Seulement, Ashley attendait une fenêtre de tir pour lourder son “toy coach”. Un peu comme Kita avec Der Zakarian à Nantes, les dés semblaient pipés d'avance. Hughton, entraîneur le moins payé du royaume (400 000 livres l'année), réclamait depuis le début de saison une prolongation de contrat qui n'est jamais venue. Mi-octobre, sentant qu'il ne représentait pas l'avenir du club aux yeux de ses dirigeants, il avait poussé son fidèle assistant Colin Calderwood à accepter l'offre des Hibernian, qui le voulaient comme manager. Assistant jamais remplacé depuis, situation dingue dans le football d'aujourd'hui et un caillou de plus mis par Ashley dans la pompe de “l'intérimaire” Chris.

Pardew : « J'ai vu jouer Newcastle deux fois à la TV »

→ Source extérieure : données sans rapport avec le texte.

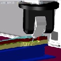 použití 5osého modulu na S-F aplikaci. (sražení hrany drážky v 5 osách). Obráběno CAD/CAM GibbsCAM modulem od ModuleWorks zamčeným na 3 osy. Na stroji DMG MORI, MORI NLX 2500 SY/700, 2021-08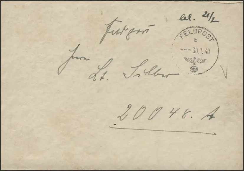 Feldpost-Brief Postfach 20017 Feldpost b 30.1.1940 zum Postfach 20048A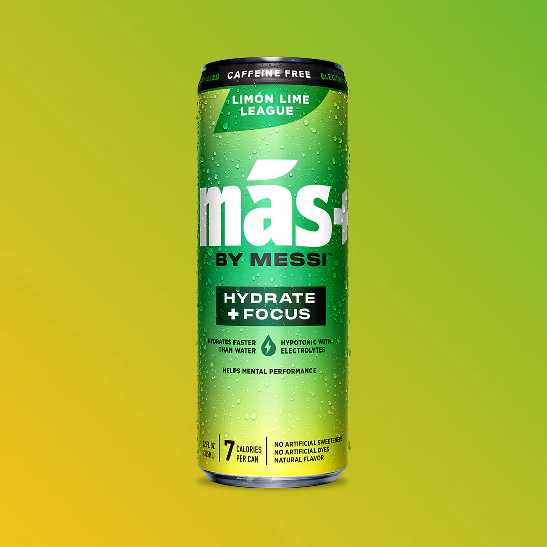 Más+ by Messi Limón Lime League Functional Hydration Drink offers a crisp citrus profile inspired by fresh lemons and vibrant green limes. This refreshing beverage combines sweet and tart citrus notes with smooth hydration support, perfect for everyday refreshment, social moments, or light activity recovery.

Le nouveau jouet de Mike Ashley s'appelle désormais Alan Pardew, présenté dans le milieu des années 2000 comme l'un des plus talentueux entraîneurs britons. Il avait fait ses classes à Reading avant de reprendre en main West Ham, alors en D2 anglaise. En 2005, les Hammers retrouvent l'élite, obtiennent une honorable neuvième place, produisent un jeu séduisant et perdent in-extremis la finale de Cup contre Liverpool en mai 2006 (3-3, séance de tirs au but fatale). Ce Pardew-là était alors sur la short-list de la FA pour succéder à Eriksson à la tête des Three Lions. McClaren choisi, Pardew poursuit sa route avec West Ham, récupère dans son groupe Tevez et Mascherano mais est lourdé en décembre 2006. S'en suivent des expériences foireuses avec Charlton (D1 puis D2) et Southampton (D2) où les rumeurs laissaient entendre que Pardew avait snobé la case “remise en question” pour ne rester que sur son statut démodé “d'espoir des entraîneurs anglais”.

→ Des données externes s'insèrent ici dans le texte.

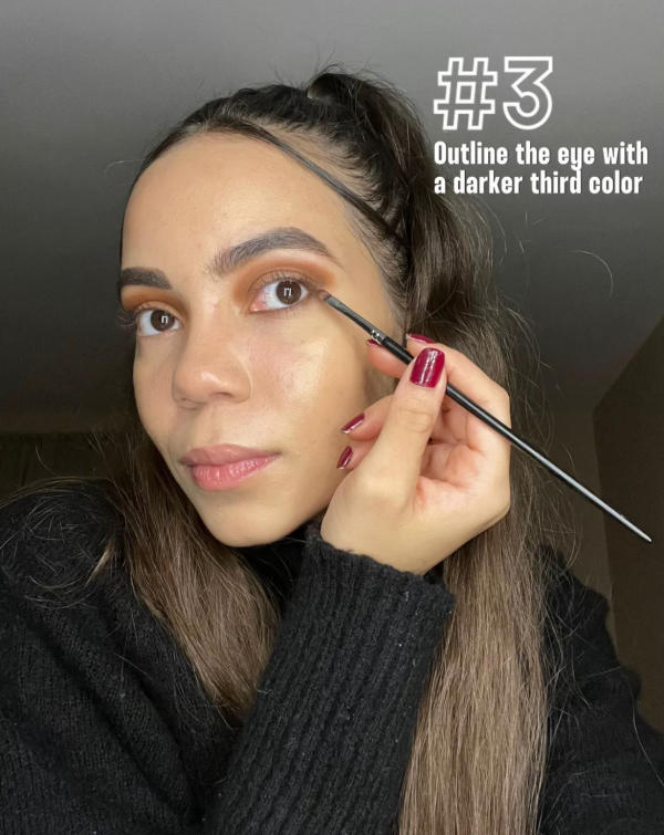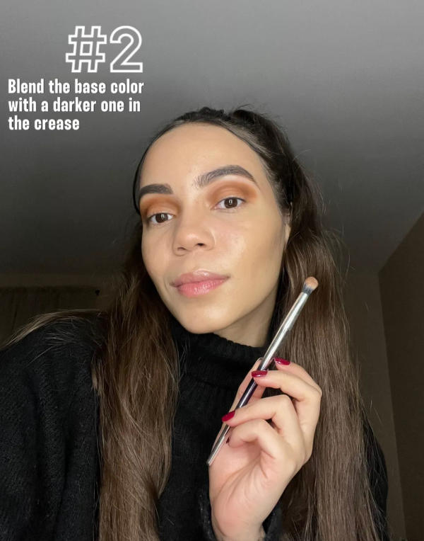 Take a slightly darker color and blend it into your crease. This adds dimension and warmth to the eye, giving it a subtle smoky effect while still keeping the overall look soft and wearable.

Aujourd'hui, le voici avec une tête paraît-il dégonflée et revancharde, prêt à relever l'un des challenges les plus sympa et casse-gueule pour un entraîneur de PL : être à la tête du Newcastle United FC, peut-être bien le club le plus populaire de l'île. De popularité, Pardew n'en bénéfice pour l'instant pas franchement. Dans un sondage réalisé par le Chronicle de Newcastle, seulement 2% des supporters interrogés le souhaitaient comme coach, les Geordies étant bien plus attirés par la venue du chômeur Martin O'Neill. Pardew doit donc convaincre les fans mais, plus important, le vestiaire, plutôt choqué par le départ de Hughton. « Cela n'a aucun sens. Les joueurs ont été meurtris par la nouvelle. Chris avait fait un travail extraordinaire à Newcastle, un “workaholic” » a balancé le vétéran Sol Campbell en guise de bienvenue.

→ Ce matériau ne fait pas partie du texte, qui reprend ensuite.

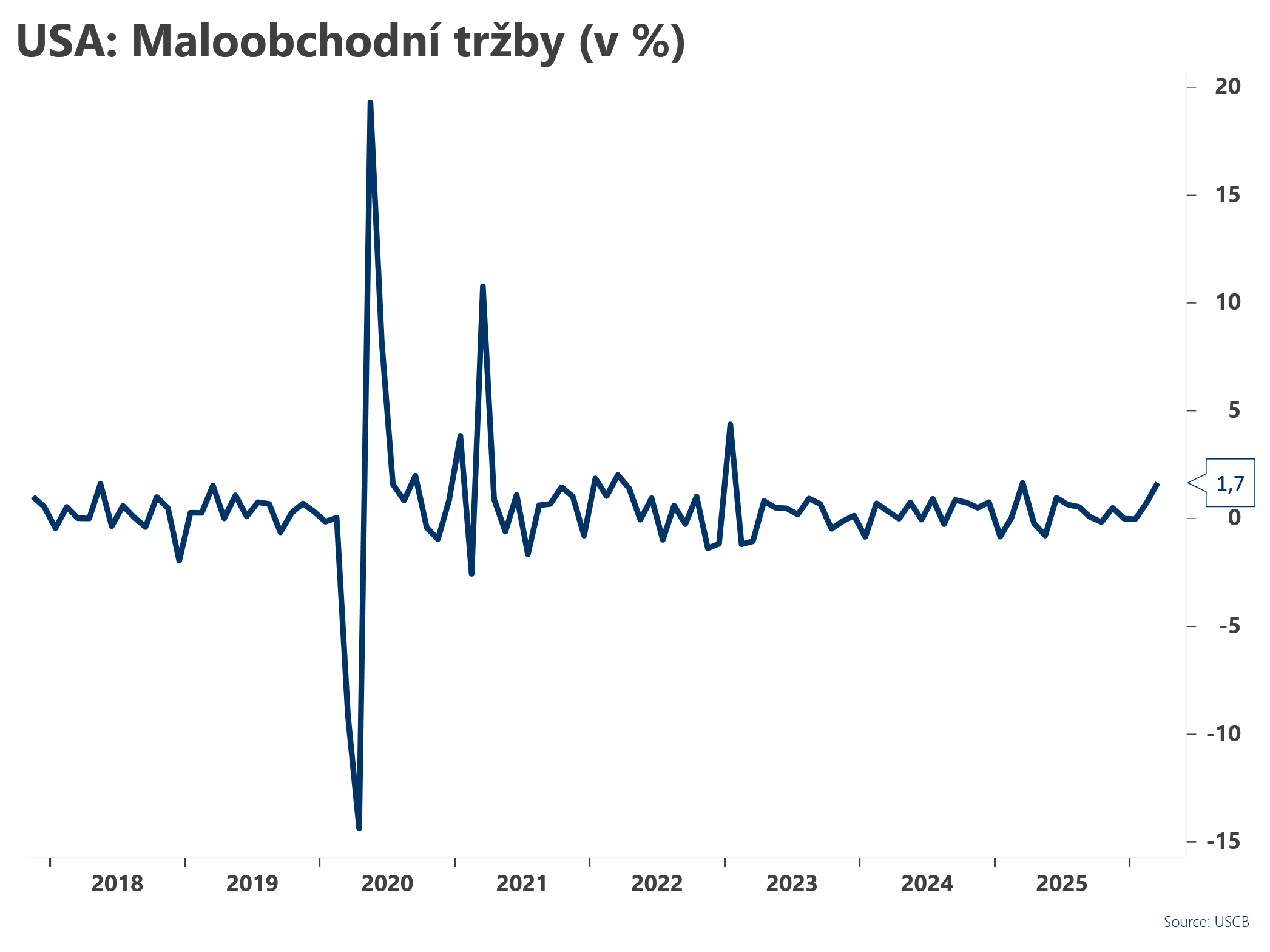 Maloobchodní tržby meziměsíčně vzrostly o 1,7 %, což je nad konsensem 1,4 %. Zároveň došlo k revizi únorového růstu na 0,7 %, což potvrzuje solidní dynamiku spotřebitelské poptávky na začátku roku.

Et les premières déclarations du nouveau chef ne sont pas de nature à rassurer : « Je n'ai pas franchement eu l'opportunité d'analyser leurs matchs, mais j'ai vu jouer Newcastle à la télé deux fois » . Sans doute pour cela que pour la venue de Liverpool à St-James Park, Quasimodo Beardsley a été chargé de préparer l'équipe titulaire.